When I was a child, I loved the twentieth century fairy tales, especially Disney’s ‘Cinderella’ and ‘Snow White and the Seven Dwarves’. Like many other girls, I liked the idea of falling in love, loved making myself up and wanted to find my ‘happily ever after’.
Not surprisingly, things have changed. I understand that some women still try and aim for their romantic ‘happily ever after’, but it doesn’t apply to me anymore. Sure, I want some concept of the ‘happily ever after’, but frankly, I don’t know exactly what that means for me.
A few weeks (days?) ago, blogger Acetheist wrote posts about ‘non sexual, non – romantic’ relationships (great posts by the way). It got me thinking about relationships in a different light.
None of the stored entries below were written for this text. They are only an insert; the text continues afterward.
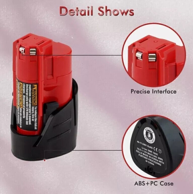 2 PACK 12V 3.0AH for Milwaukee 12V M12 3.0Ah Compact Battery 48-11-2430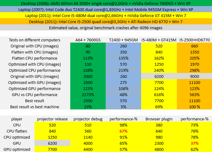 Second interesting issue is that GPU really does make a difference with Flash 11. When the five year old desktop computer with the slowest CPU starts using its GPU (which in fact is not that good) for the rendering it beats the laptop that has no GPU by a huge margin (2500 vs. 570 images) and even gets better results than the fastest computer with CPU rendering (2500 vs. 1970 images).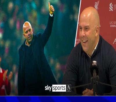 体育资讯12月27日报道宣称 英超第18轮利物浦3-1逆转莱斯特城,将榜首优势扩大至7分,赛后利物浦主帅斯洛特在发布会上自省,表示不宜过早“开香槟”。
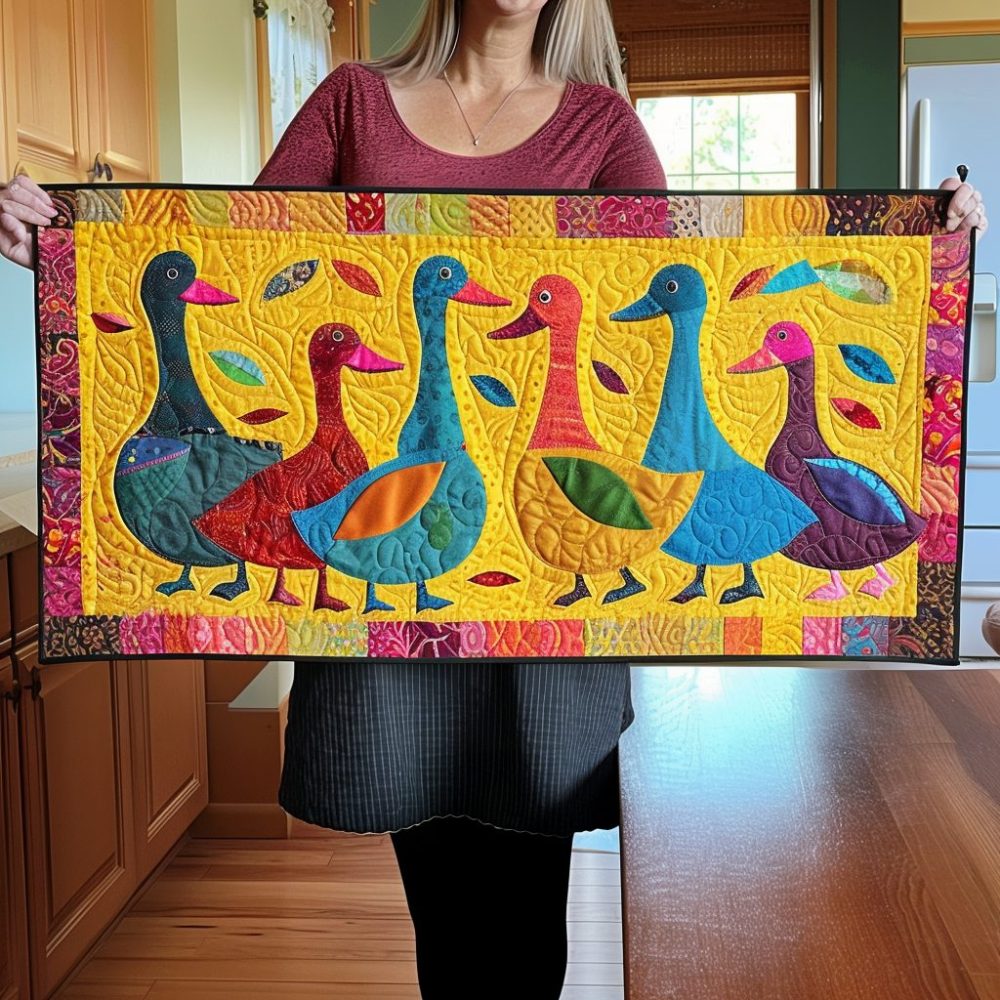 Vibrant Duck Quilted Table Runner

It got me thinking about queer – platonic relationships and whether I’ll eve have one.
I have always been affectionate. For the past three or so years, I thought that maybe I was grey – romantic rather than straight out aromantic. But is a romantic relationship what I want? Maybe a ‘non – sexual/ non – romantic’ is right. It sounds lovely, however tumultuous it may be.
One thing about queer platonic/ non sexual/ non – romantic relationships that are somewhat more than platonic (mouthful I know), are those relationships ever ‘exclusive’ like sexual/ romantic relationships often are or are they always ‘open’ if you like? Is the other person, especially if one person isn’t an asexual (or aromantic for that matter), free to look for a relationship on the outside?